Copy the records below exactly, leaving out any pictures.
+===+
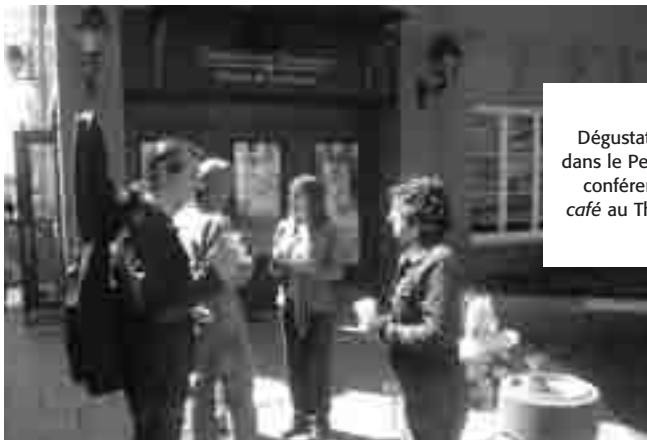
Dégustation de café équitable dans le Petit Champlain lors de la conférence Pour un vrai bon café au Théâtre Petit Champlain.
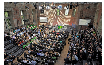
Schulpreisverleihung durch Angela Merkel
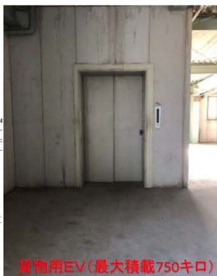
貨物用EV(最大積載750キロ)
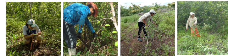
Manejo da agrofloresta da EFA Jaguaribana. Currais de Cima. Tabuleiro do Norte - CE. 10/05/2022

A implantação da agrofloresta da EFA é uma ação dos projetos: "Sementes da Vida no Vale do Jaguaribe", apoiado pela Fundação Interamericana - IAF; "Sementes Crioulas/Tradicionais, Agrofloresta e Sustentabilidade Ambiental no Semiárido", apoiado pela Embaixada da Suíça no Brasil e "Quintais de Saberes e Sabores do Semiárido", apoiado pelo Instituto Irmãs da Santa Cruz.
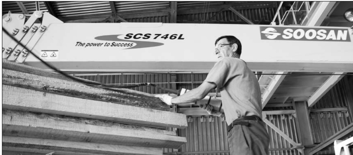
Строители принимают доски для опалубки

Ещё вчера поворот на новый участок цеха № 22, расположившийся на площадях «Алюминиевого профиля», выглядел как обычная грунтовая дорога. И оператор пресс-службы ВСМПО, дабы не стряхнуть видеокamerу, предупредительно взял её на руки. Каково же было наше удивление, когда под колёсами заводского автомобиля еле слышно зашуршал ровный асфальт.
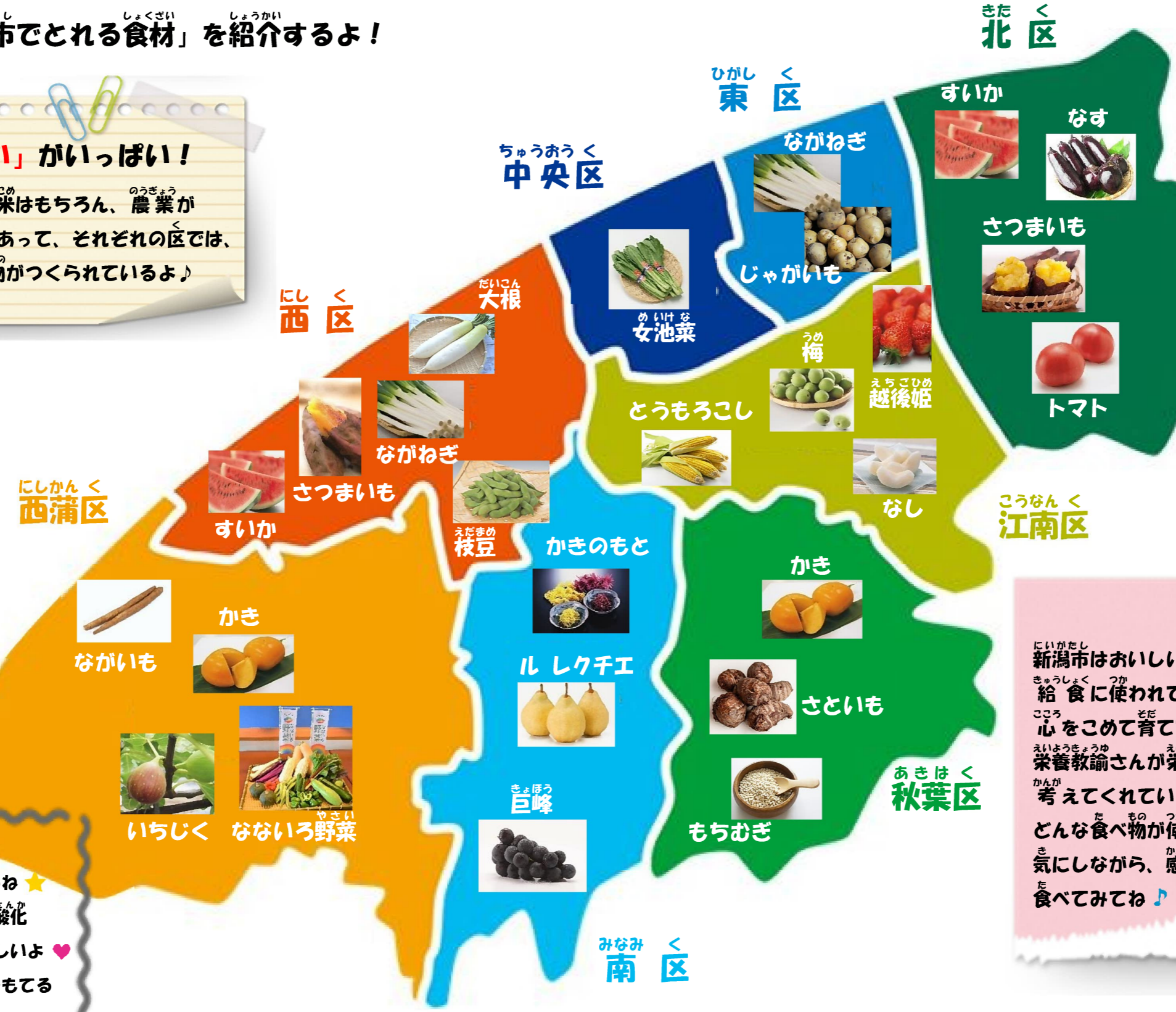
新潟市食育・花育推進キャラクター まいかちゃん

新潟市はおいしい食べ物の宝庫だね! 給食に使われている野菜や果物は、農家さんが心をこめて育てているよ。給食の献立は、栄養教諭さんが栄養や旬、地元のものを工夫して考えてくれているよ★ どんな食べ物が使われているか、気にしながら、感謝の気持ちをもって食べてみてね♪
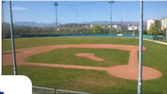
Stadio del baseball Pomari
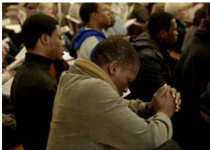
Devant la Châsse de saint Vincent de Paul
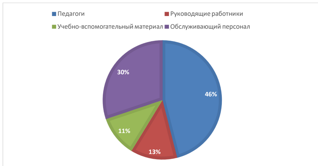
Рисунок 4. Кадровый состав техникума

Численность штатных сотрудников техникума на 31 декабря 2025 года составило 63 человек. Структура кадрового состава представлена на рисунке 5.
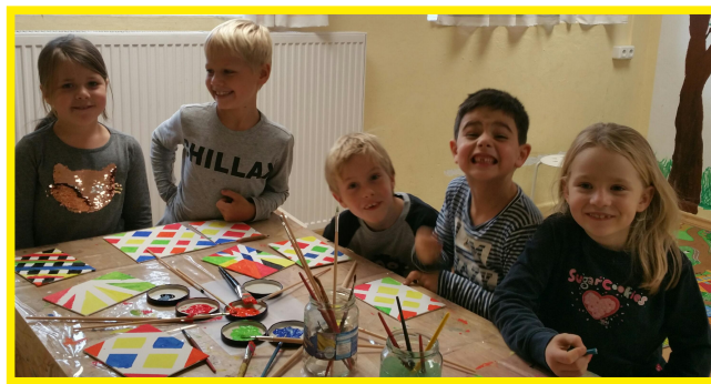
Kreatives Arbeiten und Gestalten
+===+
**Finished exercise**:
Dégustation de café équitable dans le Petit Champlain lors de la conférence Pour un vrai bon café au Théâtre Petit Champlain.
Schulpreisverleihung durch Angela Merkel
貨物用EV(最大積載750キロ)
Manejo da agrofloresta da EFA Jaguaribana. Currais de Cima. Tabuleiro do Norte - CE. 10/05/2022

A implantação da agrofloresta da EFA é uma ação dos projetos: "Sementes da Vida no Vale do Jaguaribe", apoiado pela Fundação Interamericana - IAF; "Sementes Crioulas/Tradicionais, Agrofloresta e Sustentabilidade Ambiental no Semiárido", apoiado pela Embaixada da Suíça no Brasil e "Quintais de Saberes e Sabores do Semiárido", apoiado pelo Instituto Irmãs da Santa Cruz.
Строители принимают доски для опалубки

Ещё вчера поворот на новый участок цеха № 22, расположившийся на площадях «Алюминиевого профиля», выглядел как обычная грунтовая дорога. И оператор пресс-службы ВСМПО, дабы не стряхнуть видеокamerу, предупредительно взял её на руки. Каково же было наше удивление, когда под колёсами заводского автомобиля еле слышно зашуршал ровный асфальт.
新潟市食育・花育推進キャラクター まいかちゃん

新潟市はおいしい食べ物の宝庫だね! 給食に使われている野菜や果物は、農家さんが心をこめて育てているよ。給食の献立は、栄養教諭さんが栄養や旬、地元のものを工夫して考えてくれているよ★ どんな食べ物が使われているか、気にしながら、感謝の気持ちをもって食べてみてね♪
Stadio del baseball Pomari
Devant la Châsse de saint Vincent de Paul
Рисунок 4. Кадровый состав техникума

Численность штатных сотрудников техникума на 31 декабря 2025 года составило 63 человек. Структура кадрового состава представлена на рисунке 5.
Kreatives Arbeiten und Gestalten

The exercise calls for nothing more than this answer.